Exponentiation

 

See what happens when you use exponentiation. You will need a scientific calculator.

 

Students may work individually or in groups.

 

Task

Sort the following twelve numbers by size. Clearly indicate which ones are equal.
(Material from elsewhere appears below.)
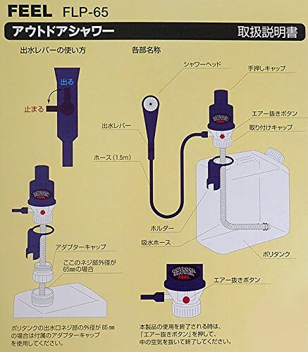 本格派シャワーヘッド採用! 市販のポリタンクに取り付けて使用します。 ペットボトルで作るロケットと同じ原理で、タンク内に圧力をかけて水を押し出す方式です。 乾電池などの電源不要なので、どんな場所使用できます。 ポリタンクの取水口のネジ部外径が50mmと65mmに対応。

In order to make the comparisons, compute the decimal approximations of these numbers and use scientific notation.

 

        (2^3)^5, (3^2)^5, (2^5)^3, (5^2)^3, (3^5)^2, (5^3)^2

        2^(3^5), 3^(2^5), 2^(5^3), 5^(2^3), 3^(5^2), 5^(3^2)

 

 

 

Solution

       (5^2)^3 = 15625

       (5^3)^2 = 15625

       (2^3)^5 = 32768

       (2^5)^3 = 32768

       (3^2)^5 = 59049

       (3^5)^2 = 59049

       5^(2^3) = 390625

       5^(3^2) = 1953125

       3^(5^2) = 8.472886094 E11

       3^(2^5) = 1.853020189 E15

       2^(5^3) = 4.253529587 E37

       2^(3^5) = 1.413477652 E73

 

So what is going on?

 

1. Both the order and the grouping of numbers matters.

In algebraic jargon this means that exponentiation is neither commutative nor associative.

 

2. We see here that for the numbers x, y, and z above, (x^y)^z = (x^z)^y.

Check that in all three cases above (x^y)^z = x^(y*z).

5^6 = 15625, 2^15 = 32768, and 3^10 = 59049.

These two equalities hold for all x, y and z.